**Brief**
In this exercise, return only the lines that run from the line with "Solid wood cherry" to the end of the entries below, both included. Pictures are not copied.

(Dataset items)
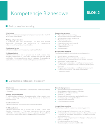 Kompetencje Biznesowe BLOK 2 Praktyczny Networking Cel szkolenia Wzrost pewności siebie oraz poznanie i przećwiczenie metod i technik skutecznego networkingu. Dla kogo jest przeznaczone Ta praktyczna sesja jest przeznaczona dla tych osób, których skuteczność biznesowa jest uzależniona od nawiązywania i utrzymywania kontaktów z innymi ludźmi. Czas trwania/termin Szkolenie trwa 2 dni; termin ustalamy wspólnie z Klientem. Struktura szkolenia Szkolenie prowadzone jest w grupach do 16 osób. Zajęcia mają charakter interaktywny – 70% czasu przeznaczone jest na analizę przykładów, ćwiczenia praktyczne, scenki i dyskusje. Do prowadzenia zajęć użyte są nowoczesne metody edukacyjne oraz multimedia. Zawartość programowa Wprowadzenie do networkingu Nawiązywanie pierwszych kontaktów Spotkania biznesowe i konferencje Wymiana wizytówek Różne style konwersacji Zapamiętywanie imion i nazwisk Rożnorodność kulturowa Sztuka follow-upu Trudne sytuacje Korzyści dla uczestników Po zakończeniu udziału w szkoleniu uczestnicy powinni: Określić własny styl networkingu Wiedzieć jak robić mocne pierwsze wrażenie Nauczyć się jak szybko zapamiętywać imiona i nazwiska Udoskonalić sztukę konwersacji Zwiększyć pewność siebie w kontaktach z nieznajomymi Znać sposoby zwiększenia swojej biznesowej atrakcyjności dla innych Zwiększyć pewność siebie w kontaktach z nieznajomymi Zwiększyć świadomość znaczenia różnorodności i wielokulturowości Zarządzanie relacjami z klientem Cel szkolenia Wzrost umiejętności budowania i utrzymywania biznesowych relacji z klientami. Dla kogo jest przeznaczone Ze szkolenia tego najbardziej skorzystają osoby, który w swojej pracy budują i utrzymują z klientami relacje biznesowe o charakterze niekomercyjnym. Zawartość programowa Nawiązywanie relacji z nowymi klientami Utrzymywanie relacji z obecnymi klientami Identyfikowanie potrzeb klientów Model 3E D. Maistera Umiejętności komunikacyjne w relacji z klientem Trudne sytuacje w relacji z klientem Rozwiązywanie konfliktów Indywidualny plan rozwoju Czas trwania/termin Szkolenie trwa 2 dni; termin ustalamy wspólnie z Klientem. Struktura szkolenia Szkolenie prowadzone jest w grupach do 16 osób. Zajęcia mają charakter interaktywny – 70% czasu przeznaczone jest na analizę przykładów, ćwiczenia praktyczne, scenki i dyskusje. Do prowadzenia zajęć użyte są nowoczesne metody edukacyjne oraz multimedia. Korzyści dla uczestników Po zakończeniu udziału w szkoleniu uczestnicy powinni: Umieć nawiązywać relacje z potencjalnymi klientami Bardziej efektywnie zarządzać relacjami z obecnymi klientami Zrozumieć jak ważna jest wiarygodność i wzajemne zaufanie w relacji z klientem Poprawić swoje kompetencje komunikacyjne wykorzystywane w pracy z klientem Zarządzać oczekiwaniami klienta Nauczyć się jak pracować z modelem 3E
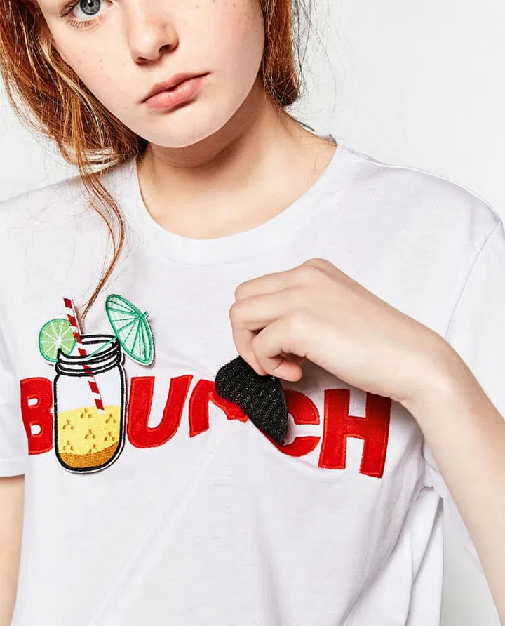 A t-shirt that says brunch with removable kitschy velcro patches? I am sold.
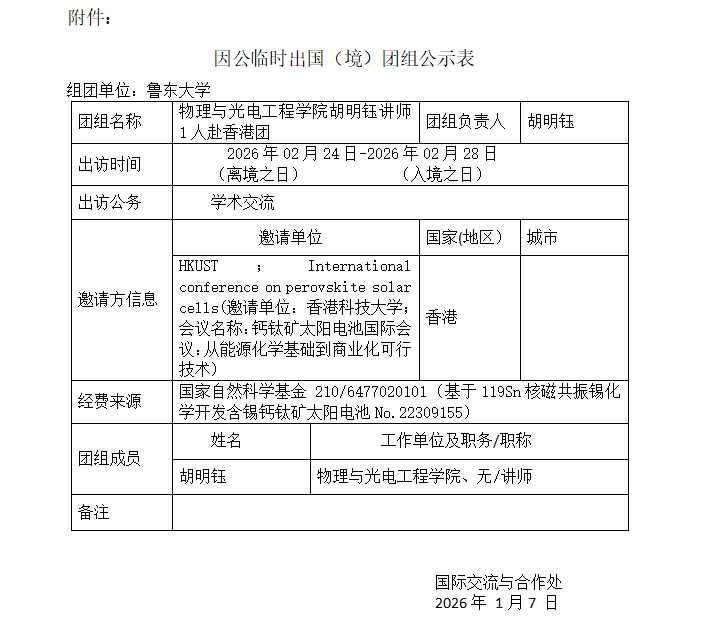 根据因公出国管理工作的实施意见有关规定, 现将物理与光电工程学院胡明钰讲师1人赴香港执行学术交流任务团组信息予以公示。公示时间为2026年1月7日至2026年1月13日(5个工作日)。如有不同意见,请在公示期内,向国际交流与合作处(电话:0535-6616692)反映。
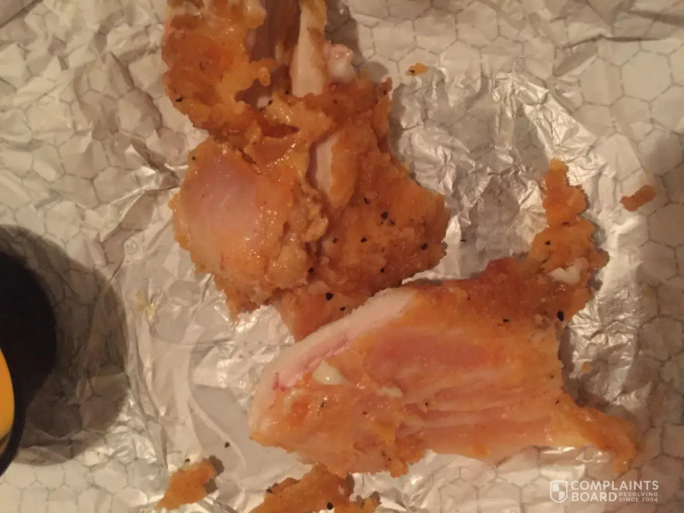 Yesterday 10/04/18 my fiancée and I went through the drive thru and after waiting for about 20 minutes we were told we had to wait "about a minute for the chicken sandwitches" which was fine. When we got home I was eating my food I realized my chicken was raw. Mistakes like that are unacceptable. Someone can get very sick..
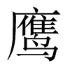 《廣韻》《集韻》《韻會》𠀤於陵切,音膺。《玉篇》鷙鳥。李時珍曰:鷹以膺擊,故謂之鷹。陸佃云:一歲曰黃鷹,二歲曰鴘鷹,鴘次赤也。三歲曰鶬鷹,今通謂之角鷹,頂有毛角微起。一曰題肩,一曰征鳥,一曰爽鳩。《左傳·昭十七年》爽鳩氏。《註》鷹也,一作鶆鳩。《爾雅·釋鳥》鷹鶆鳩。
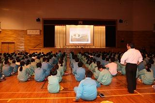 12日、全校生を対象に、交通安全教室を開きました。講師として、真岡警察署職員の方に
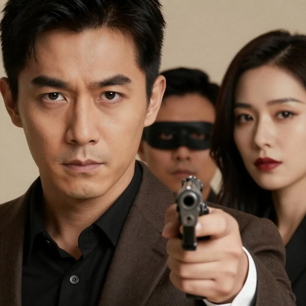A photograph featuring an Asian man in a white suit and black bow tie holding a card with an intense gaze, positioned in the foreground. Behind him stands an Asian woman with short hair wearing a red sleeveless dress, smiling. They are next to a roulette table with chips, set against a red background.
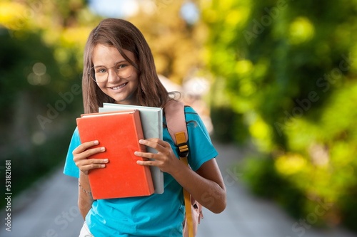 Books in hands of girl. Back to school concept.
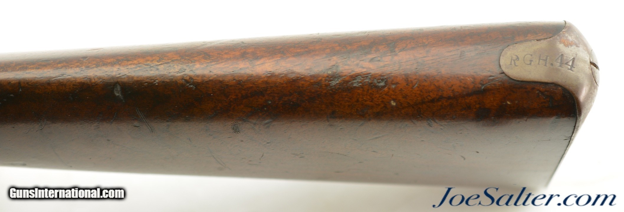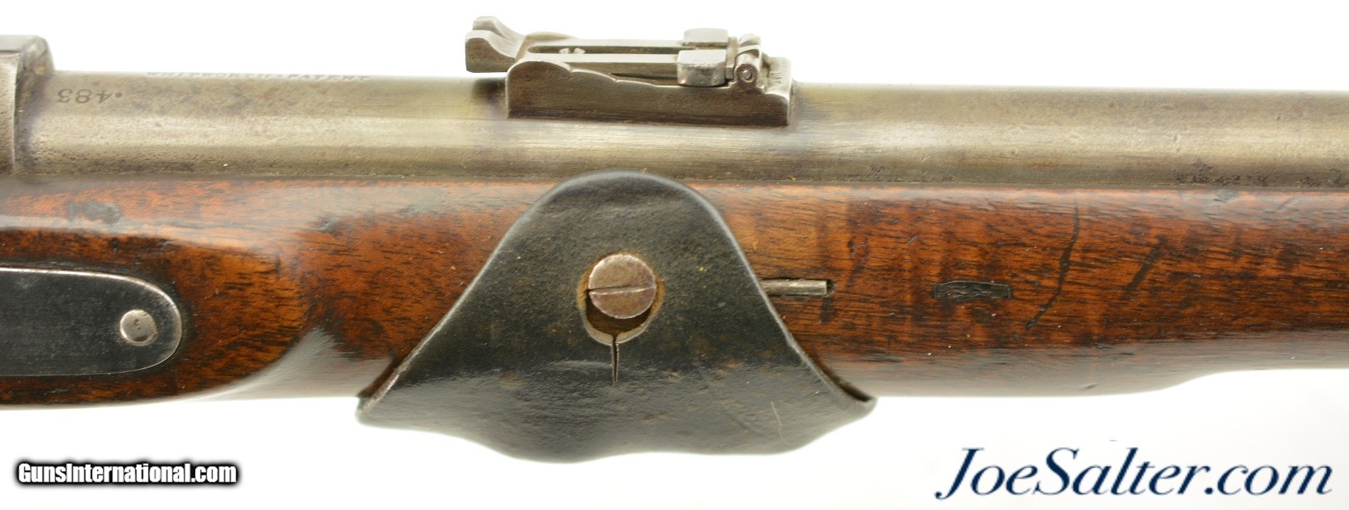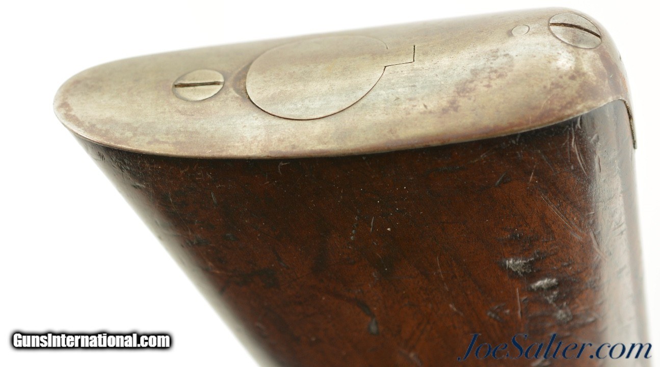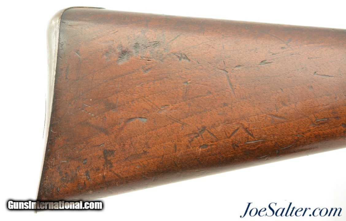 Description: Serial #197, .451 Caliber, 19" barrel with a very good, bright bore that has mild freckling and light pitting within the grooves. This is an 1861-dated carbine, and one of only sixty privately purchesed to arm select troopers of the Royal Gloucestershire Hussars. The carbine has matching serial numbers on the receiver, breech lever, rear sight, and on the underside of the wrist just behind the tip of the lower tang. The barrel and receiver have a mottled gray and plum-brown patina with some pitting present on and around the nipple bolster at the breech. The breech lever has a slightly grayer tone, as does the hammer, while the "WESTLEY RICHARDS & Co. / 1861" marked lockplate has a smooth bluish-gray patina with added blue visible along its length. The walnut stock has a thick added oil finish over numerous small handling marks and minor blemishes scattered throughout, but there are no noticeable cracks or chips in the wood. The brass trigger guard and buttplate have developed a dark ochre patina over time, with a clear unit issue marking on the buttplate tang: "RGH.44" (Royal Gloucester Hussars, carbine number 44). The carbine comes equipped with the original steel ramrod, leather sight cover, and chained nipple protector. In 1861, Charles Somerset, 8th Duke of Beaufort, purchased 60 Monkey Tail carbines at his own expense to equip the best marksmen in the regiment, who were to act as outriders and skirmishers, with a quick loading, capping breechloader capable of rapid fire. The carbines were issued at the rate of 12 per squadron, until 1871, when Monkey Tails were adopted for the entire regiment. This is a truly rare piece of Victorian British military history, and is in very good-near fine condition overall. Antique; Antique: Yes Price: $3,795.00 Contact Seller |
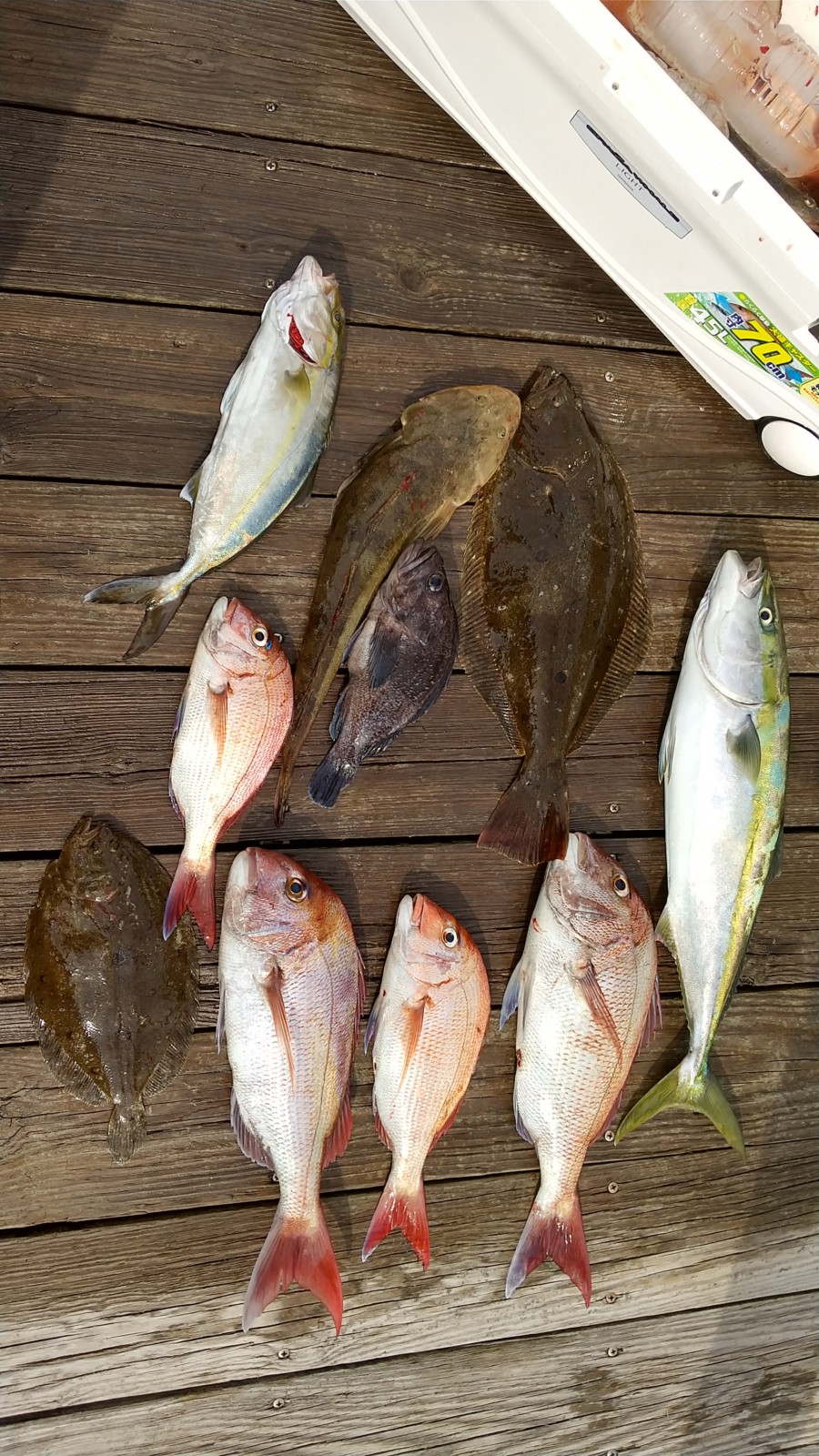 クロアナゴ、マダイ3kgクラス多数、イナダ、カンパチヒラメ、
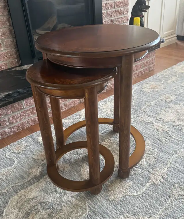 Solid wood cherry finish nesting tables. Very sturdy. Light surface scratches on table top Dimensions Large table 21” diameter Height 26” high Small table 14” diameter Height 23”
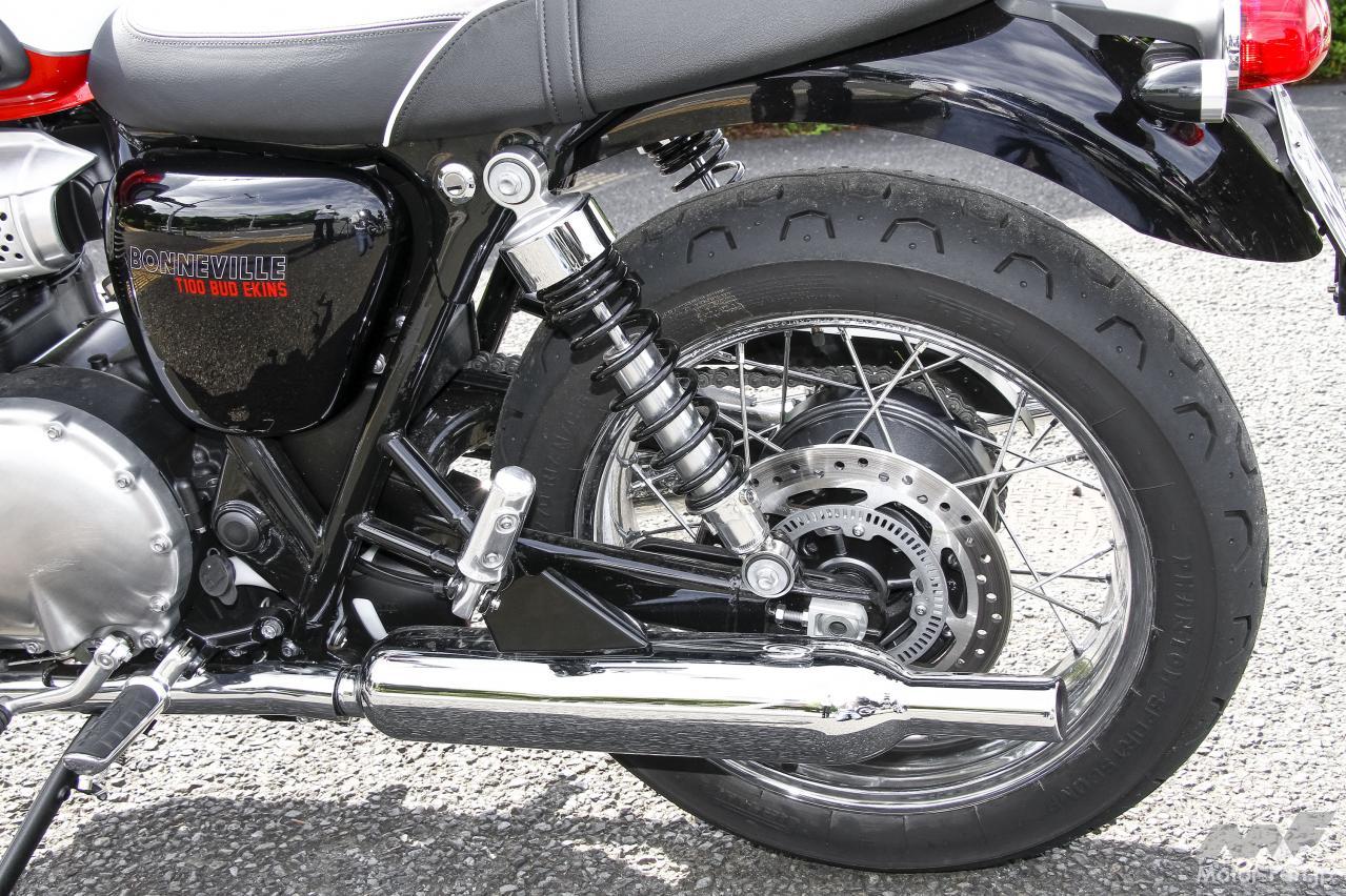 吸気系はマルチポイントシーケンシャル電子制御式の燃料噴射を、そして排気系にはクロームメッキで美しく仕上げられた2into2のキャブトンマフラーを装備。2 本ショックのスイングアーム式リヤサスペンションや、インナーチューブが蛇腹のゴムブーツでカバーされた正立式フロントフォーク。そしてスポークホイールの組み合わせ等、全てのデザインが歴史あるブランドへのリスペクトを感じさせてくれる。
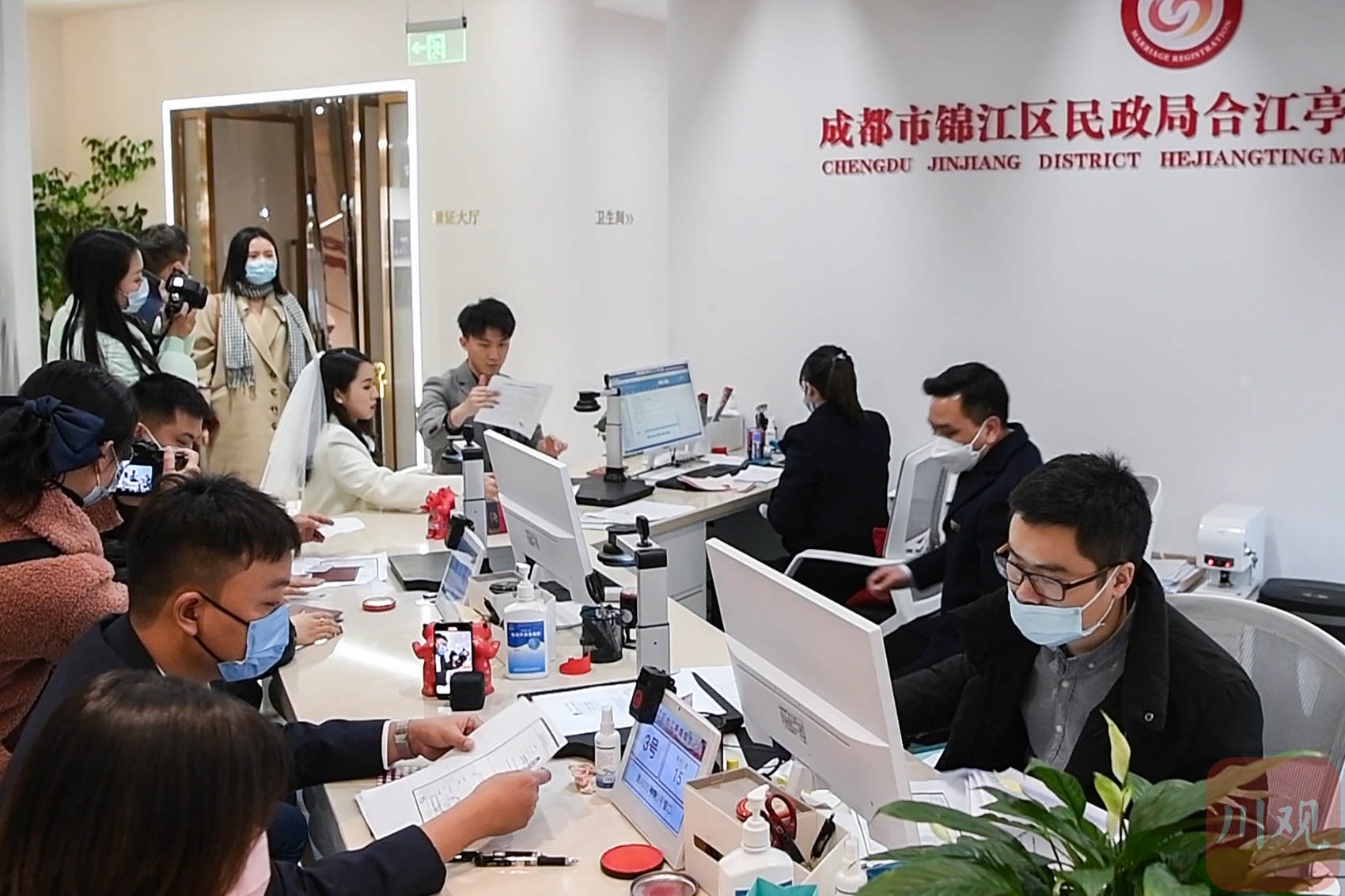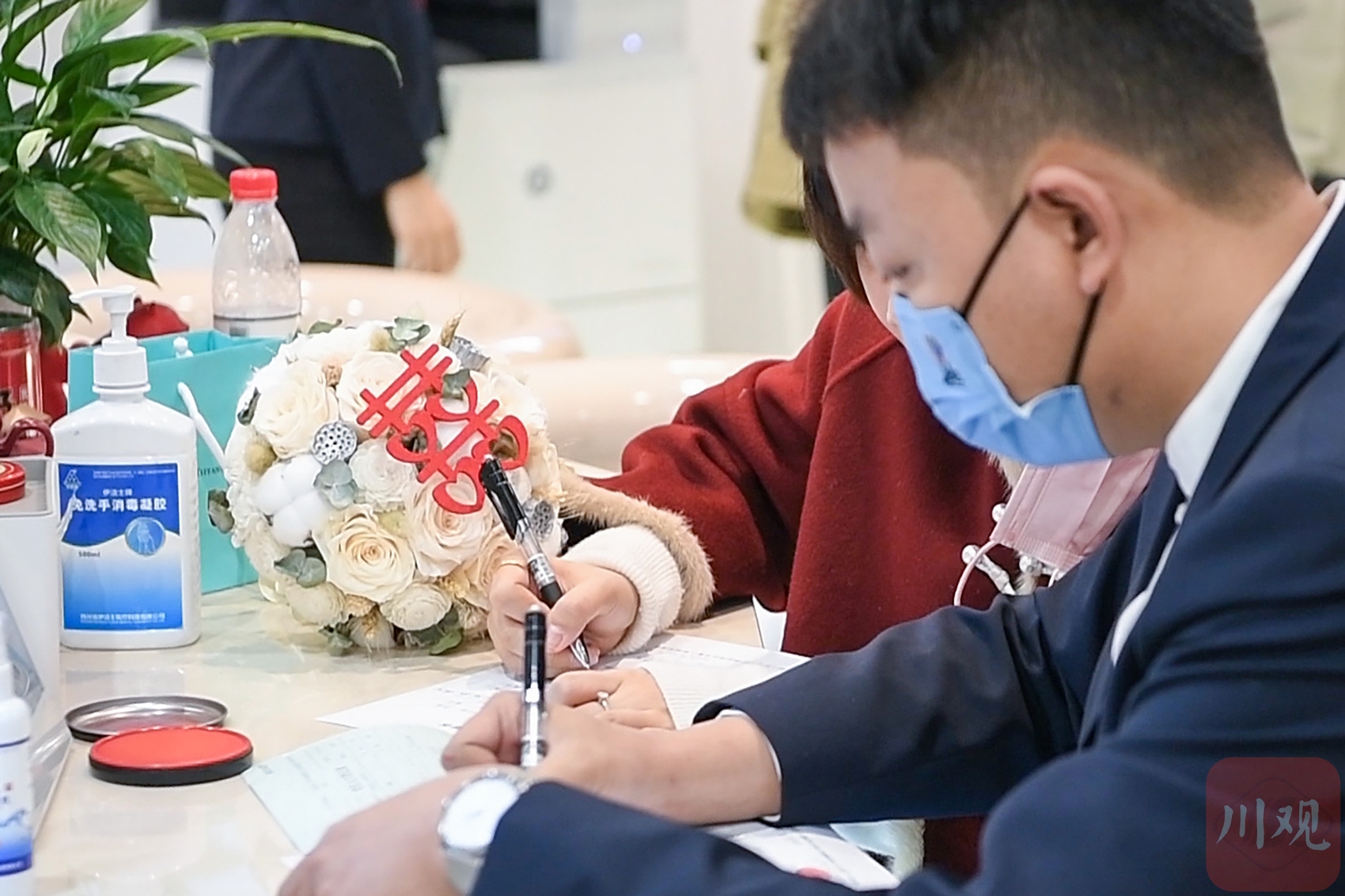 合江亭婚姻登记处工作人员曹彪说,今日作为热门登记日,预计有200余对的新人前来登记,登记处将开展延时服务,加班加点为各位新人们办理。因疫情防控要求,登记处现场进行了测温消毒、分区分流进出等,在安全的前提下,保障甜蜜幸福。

**Solution below**
 Solid wood cherry finish nesting tables. Very sturdy. Light surface scratches on table top Dimensions Large table 21” diameter Height 26” high Small table 14” diameter Height 23”
 吸気系はマルチポイントシーケンシャル電子制御式の燃料噴射を、そして排気系にはクロームメッキで美しく仕上げられた2into2のキャブトンマフラーを装備。2 本ショックのスイングアーム式リヤサスペンションや、インナーチューブが蛇腹のゴムブーツでカバーされた正立式フロントフォーク。そしてスポークホイールの組み合わせ等、全てのデザインが歴史あるブランドへのリスペクトを感じさせてくれる。
 合江亭婚姻登记处工作人员曹彪说,今日作为热门登记日,预计有200余对的新人前来登记,登记处将开展延时服务,加班加点为各位新人们办理。因疫情防控要求,登记处现场进行了测温消毒、分区分流进出等,在安全的前提下,保障甜蜜幸福。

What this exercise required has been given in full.